Objectives: The primary objective was to determine if pharmacist involvement in the insurance approval process resulted in increased coverage of medications for indications that were initially or historically denied from coverage. The secondary objective was to examine specific payer rationale for denial of coverage in these instances.
Method: We conducted a retrospective analysis of insurance outcomes between March 2019 and October 2019 at Beth Israel Deaconess Medical Center, Harvard Medical School, Boston, MA. Patients who had a pharmacist involved in their insurance approval processes were identified through an examination of pharmacy intervention records. Information regarding the patients’ medication, indication, payer type, initial denial reason, appeal methods, and appeal outcome was collected.
Results: A total of 14 patients had a pharmacist involved in their insurance approval processes during the 8-month study period. In 12 (86%) instances, pharmacist assistance was requested for appeals after an initial denial of coverage. For 2 (14%) instances, pharmacist assistance was prospectively requested for off-label claims. A total of 11 (79%) patients had letters of medical necessity written by a pharmacist, 2 (14%) patients had pharmacists provide literature to their payers for coverage reconsideration, and 1 (7%) patient had a pharmacist conduct a peer-to-peer discussion on their physician’s behalf. Of the 12 appeals, 9 (75%) denials were overturned and 3 (25%) denials were upheld. The most common reason for initial insurance denials was absence of a traditional mutation for targeted therapy (5; 42%) followed by unfamiliarity of the current literature (3; 25%); out-of-date coverage policies (2; 17%); and other reasons (2; 17%).

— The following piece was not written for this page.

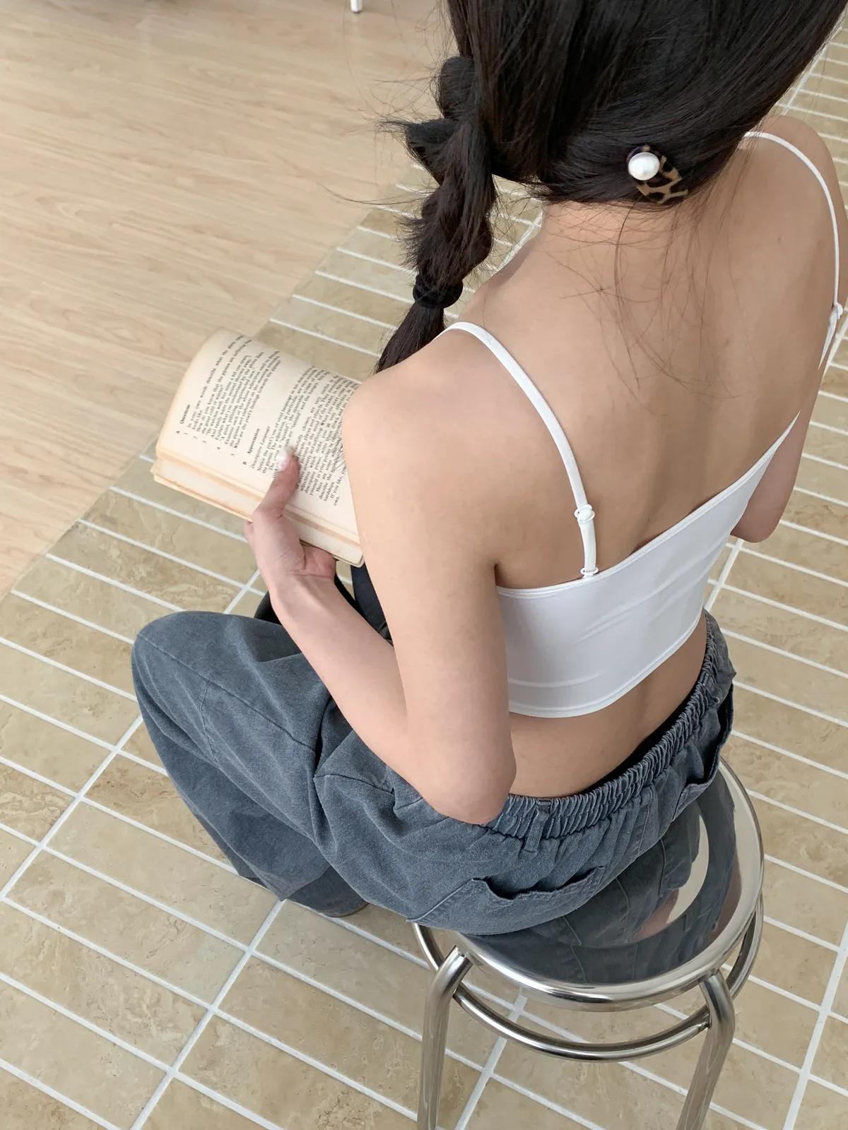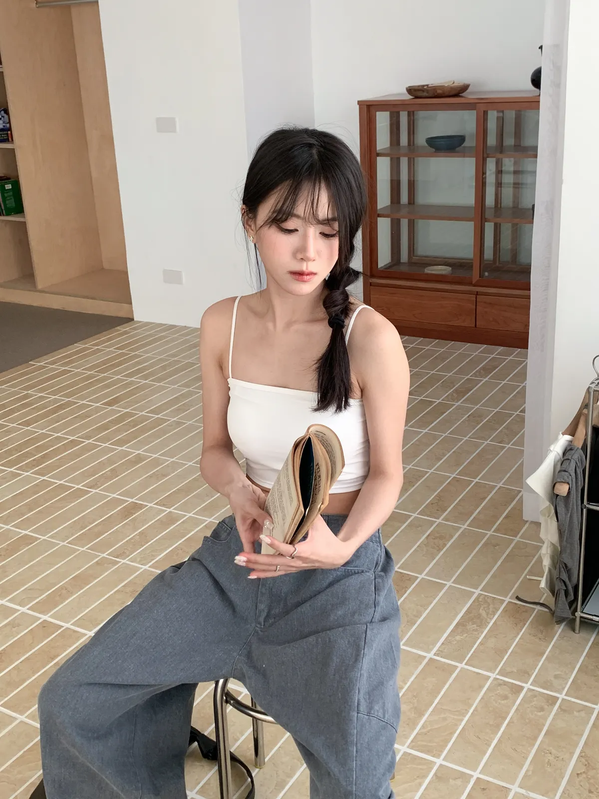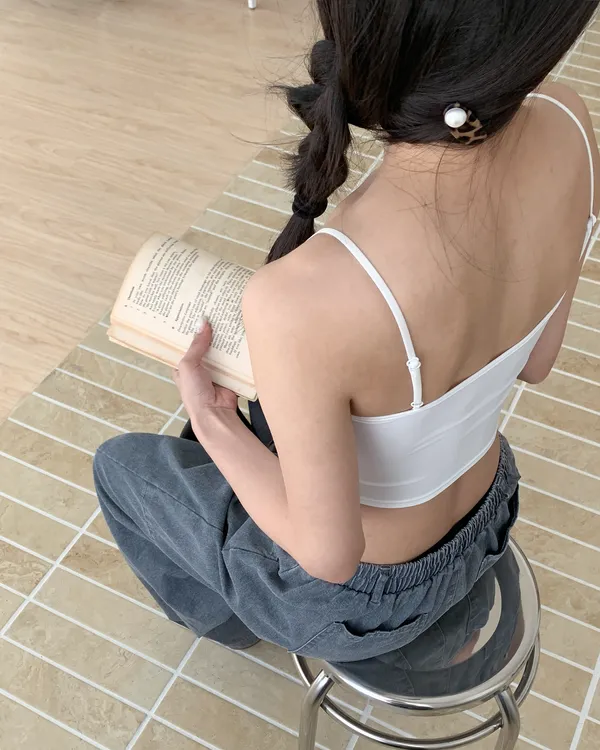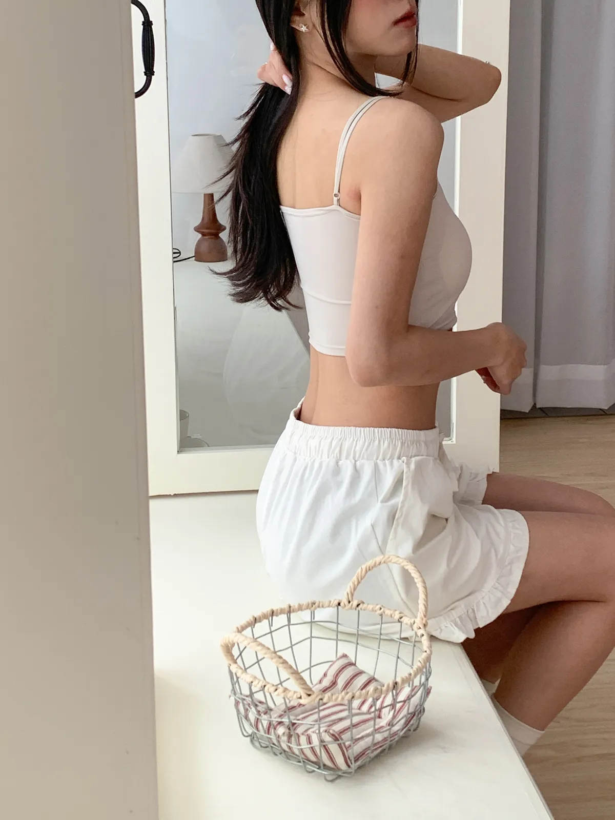 Model Size - F / 158cm, 42kg.- Cooling fabric- Sleek minimal desigh- Summer essential 白 杏 DETAIL VIEW

Conclusion: Pharmacists are a valuable asset to help navigate the coverage complexities associated with patient-specific, mutation-driven, targeted therapies. We have a unique combination of clinical expertise and practical reimbursement knowledge that puts us in a prime position to ensure that patients are able to gain access to necessary medications and challenge unreasonable coverage determinations.